• [WORK REQUEST] Below are the entries. Print only the lines starting at the one with "The computational analysis" and ending at the one with "②把右侧大小两个音箱的正面整", exactly, with no pictures.
-------------------------
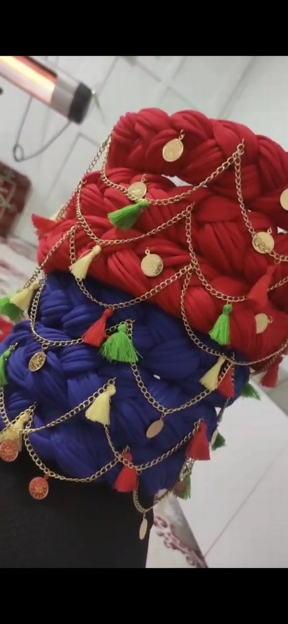 Sentetik kumaştan, püsküller ve madeni para süslemeli zincirlerle renkli bohem kadın fularları. Retro ve hippie tarzına uygun.
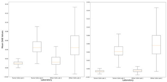 The computational analysis demonstrated differences in terms of DAB staining features within the tumor and non-tumor regions between the LDT and CDx preparations, as demonstrated by the boxplots of case n° 9 (left) and n° 11 (right), confirming the possible analytical reasons for the interpretation variability described. Lab 1: original local laboratory; Lab 2: reference laboratory.
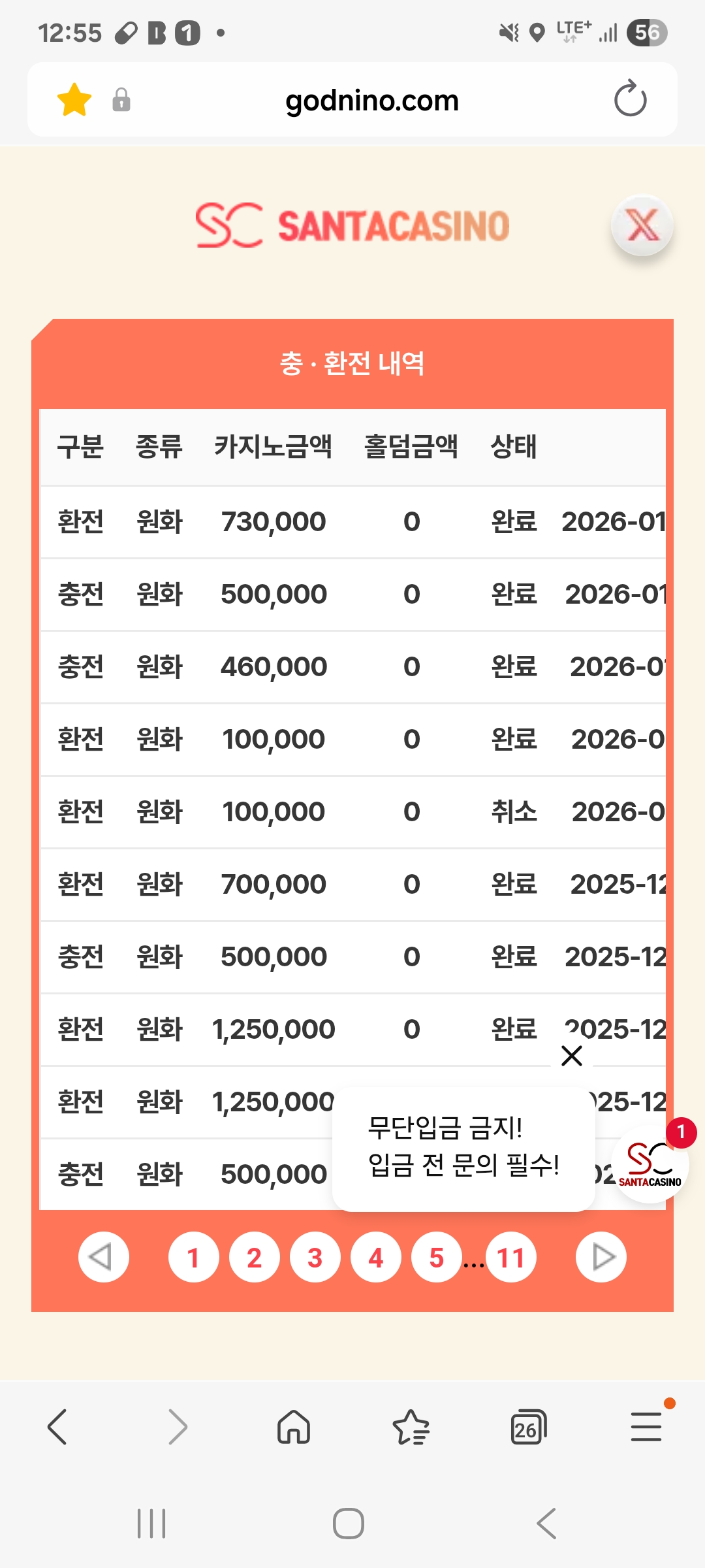 50입 73출금성공
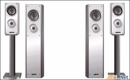 ②把右侧大小两个音箱的正面整体(包括正面面板、喇叭和“商标”)均又再一次水平翻转回原状态,这样左右两侧的音箱,从光影角度来看就统一多了
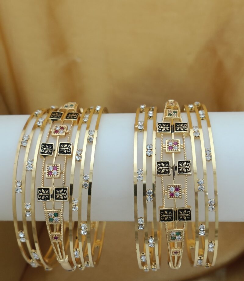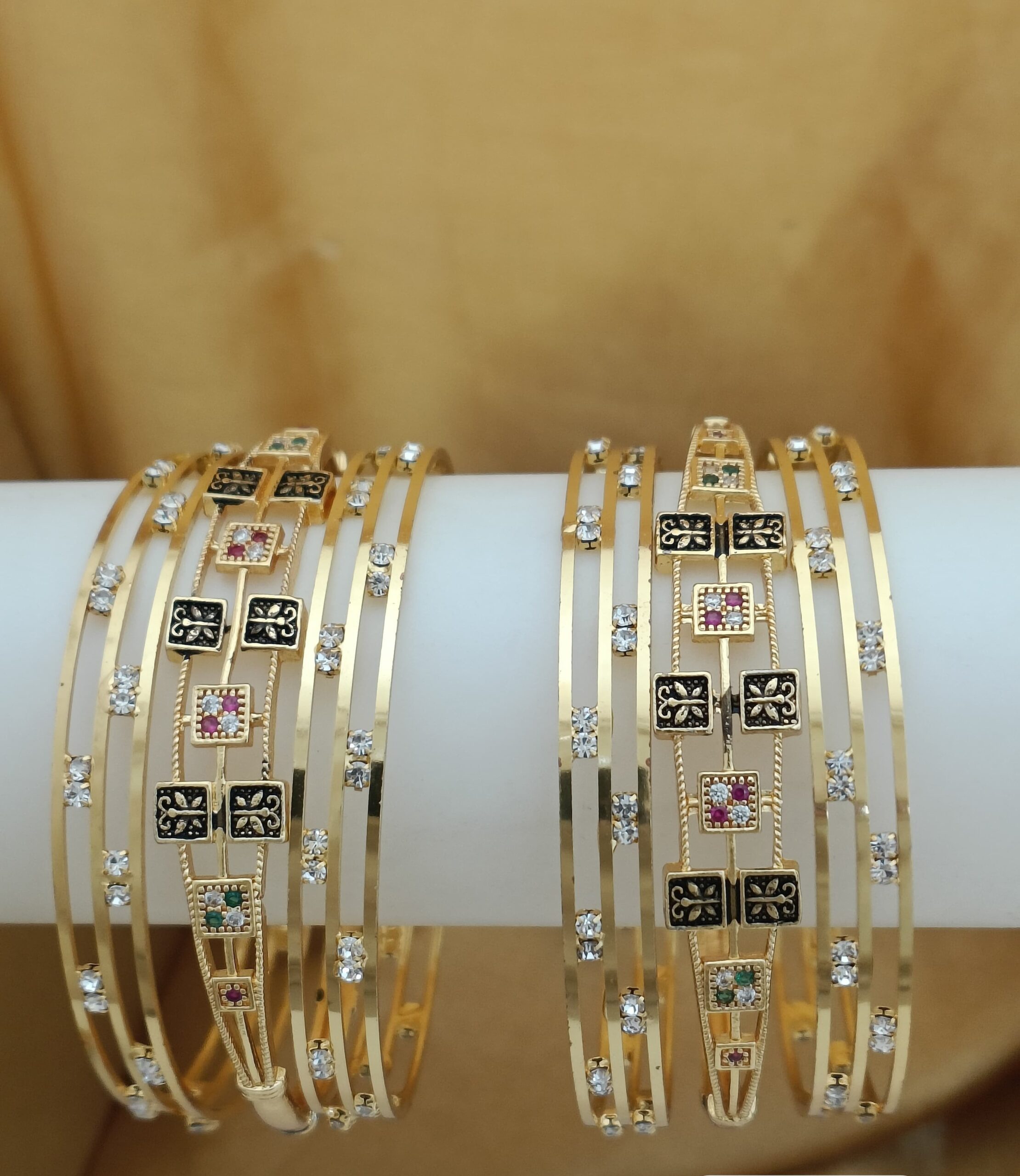 Elegant traditional bangles featuring intricate detailing with colored stones and sparkling accents—perfect for adding a graceful festive touch to your look.
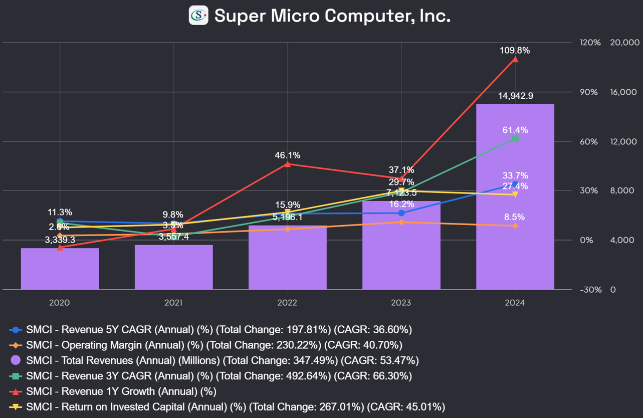 Important, Super Micro was delisted from NASDAQ on the 24th of August 2018 primarily due to its failure to comply with the exchange’s listing rules, specifically Rule 5250(c)(1), which requires timely filing of financial reports with the SEC. NASDAQ relisted Super Micro on the 14th of January 2020. Since the 24th of August 2018 to today, the company returned ~23X to the investors, and if we consider the company peak in March 2024, the stock would have returned ~68X.
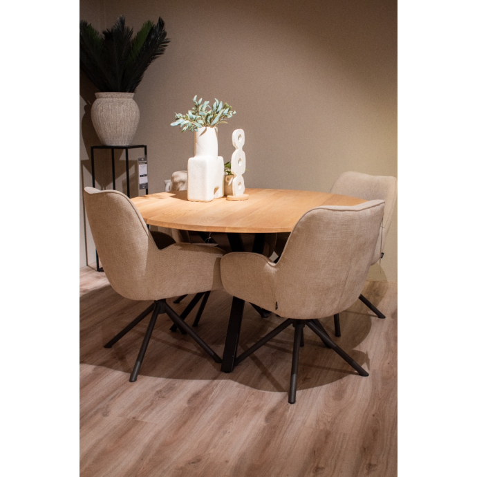 De kleur en de vorm van het tafelblad brengen ongetwijfeld rust in je interieur. Vergeet rechte lijnen, maar ga voor een ronde tafel zonder scherpe hoeken! Een ronde tafel bespaart ook plaats in je interieur. Deze versie heeft een centrale, zwart metalen poot met een uniek design. Het tafelblad heeft een diameter van 140cm.
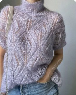 Этот восхитительный рукодельный свитер с высоким горлом и короткими рукавами выполнен в нежном лавандовом цвете. Ажурный узор придает изделию легкость и воздушн...
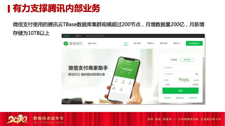 第一个是微信支付,腾讯云数据库有力地支撑了微信支付的使用,目前腾讯云数据库的产品TBase就在支持微信支付的商家业务库,我们自动地帮商家业务支付库做分离,目前整个集群规模超过200个节点,月增数据量也超过两百亿,保证微信支付能够平缓的运行在业务端,底层就要靠腾讯云数据库团队来对内部业务做支撑。
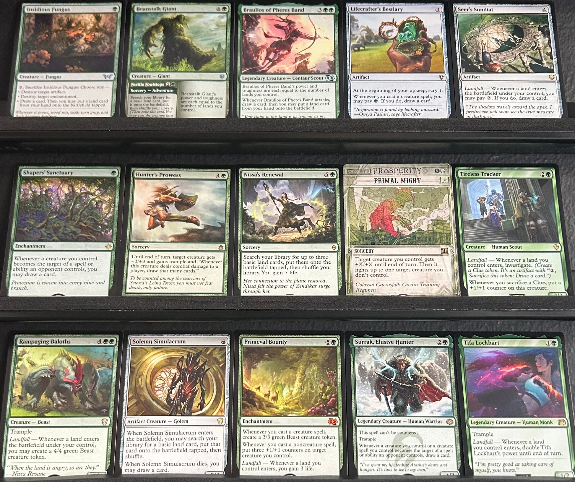 ⢠Value engines Tireless Tracker, Beastcaller Savant (proxy for fast mana), and Braulios of Pheres Band keep cards flowing.
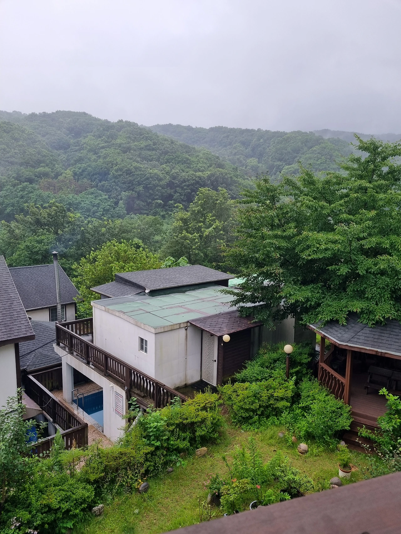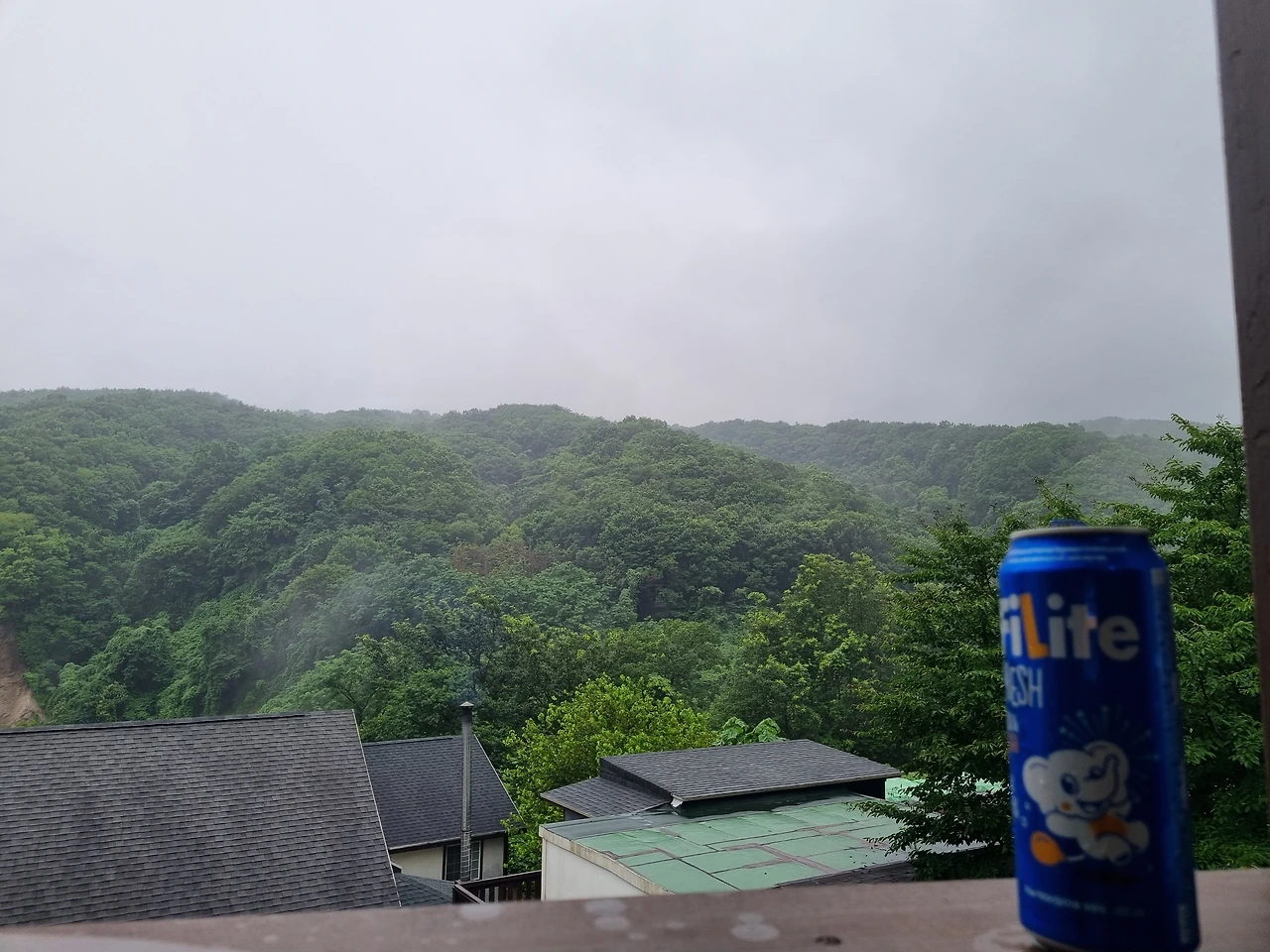 두 시간 동안 열심히 달려온 보람을 잠시 느껴보려 한다. 산세도 좋고 공기마저 코가 뻥 뚫리는 상쾌함. '딸깍'거리며 따지는 캔맥소리마저 경쾌하다. 목구멍이 타들어갈 만큼 한 모금 쭈욱 들이키며 타닥타닥 키패드를 두드린다. 비까지 부슬부슬 내리는 현재 지붕 위에 조용히 토독토독 거리는 울림이 내 마음도 열라며 노크 중이다.
-------------------------
• [EXERCISE OUTPUT]
 The computational analysis demonstrated differences in terms of DAB staining features within the tumor and non-tumor regions between the LDT and CDx preparations, as demonstrated by the boxplots of case n° 9 (left) and n° 11 (right), confirming the possible analytical reasons for the interpretation variability described. Lab 1: original local laboratory; Lab 2: reference laboratory.
 50입 73출금성공
 ②把右侧大小两个音箱的正面整体(包括正面面板、喇叭和“商标”)均又再一次水平翻转回原状态,这样左右两侧的音箱,从光影角度来看就统一多了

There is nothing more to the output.